Today two broad based emerging markets ETFs dominate the space. The largest ETF is the Vanguard MSCI Emerging Markets ETF (VWO) at $52 billion in assets. It tracks the same index as the iShares MSCI Emerging Markets ETF (EEM), the runner up with $34 billion in assets. The main difference between the funds is that VWO is priced at 20bps in comparison to EEM's 67bps expense ratio. This had led to material out performance by VWO in 2012, as emerging markets returns have been positive but not bountiful. Here's a year to date comparison of the two ETFs from the NASDAQ's interactive chart center.
Not only has VWO outperformed EEM, it has taken in the lion's share of fund flows this year according to Index Universe's fund flow data. Here's the year to date comparison.

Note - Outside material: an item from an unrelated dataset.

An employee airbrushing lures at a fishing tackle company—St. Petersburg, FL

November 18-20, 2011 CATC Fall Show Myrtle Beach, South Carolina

VWO's country exposure has a healthy dose of BRIC countries which are Brazil, Russia, India and China. Including BRIC related entities like Taiwan, Hong Kong and Malaysia the BRIC region represents just over 50% of VWO's country weighting. Here's the latest country holdings breakdown of VWO from ETF research site XTF.

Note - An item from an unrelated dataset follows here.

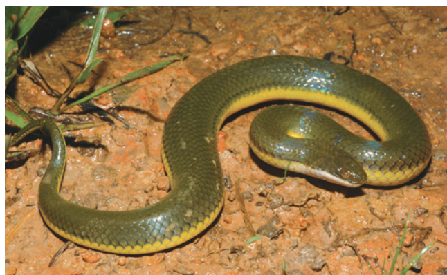
Fig. 18. Enhydris plumbea from Che Teal Chrum.

Taking a closer look at the countries that dominate the index reveals winners and losers this year. In the chart below the performance of six country ETFs versus VWO is highlighted. They include:
- iShares MSCI Brazil Index Fund (EWZ)
- Market Vectors Russia ETF (RSX)
- WisdomTree India Earnings Fund (EPI)
- iShares FTSE China 25 Index Fund (FXI)
- iShares MSCI South Korea Index Fund (EWY)
- iShares MSCI Taiwan Index Fund (EWT)
Here's the annotated one year comparison chart displaying the individual country ETFs representing most of the heavily weighted countries in VWO.
Taiwan (EWT), India (EPI) and South Korea (EWY) have been positive markets for VWO this year while Brazil (EWZ) and China (FXI) have disappointed. Taking a closer look at the last month, as markets have begun to swing to a "risk on" posture, shows several new developments however. Here are the same ETFs but viewed by performance over the last 30 days.
Notable differences include EWZ (Brazil) making the top three, RSX (Russia) on a spike upward to become the second best performer and EPI (India) on a descent that appears to make it a candidate for worst performer next to FXI (China). Also all the ETFs shown have gained between 4 - 11% in the last thirty days. These trends are important to note as they represent several year long trends being reversed, perhaps due to investor risk tolerance increasing.
Emerging markets offer investors a rate of growth and type of demographic that is virtually unavailable in developed countries today. While these markets carry more risks, they also carry more rewards. Should the global economy begin to become more productive and stable, emerging markets stand to benefit significantly. In the meantime, being selective among the emerging markets may be the best approach to capture attractive returns.